Short answer: no but that really does not make any difference.

Long answer:
Thanks to the existance of const_cast, the compiler has some limitations.

Most compilers on most platforms will place any static const objects in
a read only section of the resulting executable, which the OS will
subsequently map to a read only memory page.

Otherwise, most compilers will not directly take advantage of const in
optimizations, even though a few other circumstances permit it to do so.
However, one of the stages of the optimization process is to convert the
program to some form of static single assignment (SSA) form. In that
language, all variables are const. Variables that change are treated as
multiple variables.

If a variable in the original program was actully const (regardless of how
it was declared), then only one correspnding variable will exist in SSA
form.
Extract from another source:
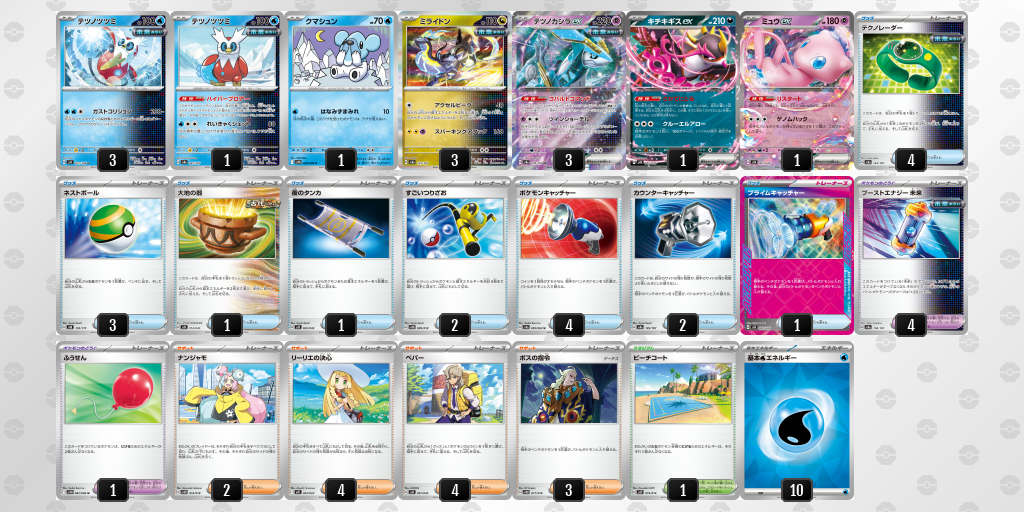 | コメント | どうしてもハイパーブロアー以外のテツノツツミが使いたくて組んだデッキ。たねポケモンで200ダメージ+αを出せるという、そこだけ見ると破格の性能をしたガストコリジョンを使うために周りを固めた。基本的には未来バレットの動きで、大量の裏呼びカードを使いながらHP200近辺のたねexをガストコリジョンで破壊することを目指している。 クマシュンは、にげるを強要することでラティアスなどのにげるエネルギー軽減を使わせるために入っている。サーナイトやジェットエネルギーの入ったデッキは天敵。 テクノレーダーやブーストエナジーがレギュGにて卒業のため、レギュH以降はまた別の方法でガストコリジョンを撃つつもり。 |

So when optimations are applied to SSA form, nearly every optimization
the compiler could have performed based on the const keyword will be get
performed at this point. Thus, nothing was relly lost by the compiler by not
using the const keyword for optimization.
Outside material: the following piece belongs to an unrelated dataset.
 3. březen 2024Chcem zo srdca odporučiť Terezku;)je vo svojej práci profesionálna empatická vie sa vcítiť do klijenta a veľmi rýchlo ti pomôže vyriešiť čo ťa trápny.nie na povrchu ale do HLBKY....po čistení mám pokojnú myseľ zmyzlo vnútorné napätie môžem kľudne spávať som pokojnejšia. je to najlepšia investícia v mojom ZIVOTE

This was covered by the FAQ but the FAQ did not go into the same level of
detail as to what the compiler is doing under the hood. I hope this provides
some more insight into what the compiler is really doing.

For what it is worth, this is largely why the LLVM project is considered
rather exciting. LLVM bytecode is a form of SSA. So compilers stop upon
producing SSA (or perhaps after doing some optimazation on it) and then
outputs LLVM bytecode. The LLVM linker takes the LLVM bytecode of
translation units, and can perform whole program optization on it. SSA is
still high level enough that many optimzation opportunities are still
present, that would no longer be possible if the linker were given assembly.
The LLVM linker also performs lower level optimzations that a compiler would
normally do after the SSA stage, and before generating an object file.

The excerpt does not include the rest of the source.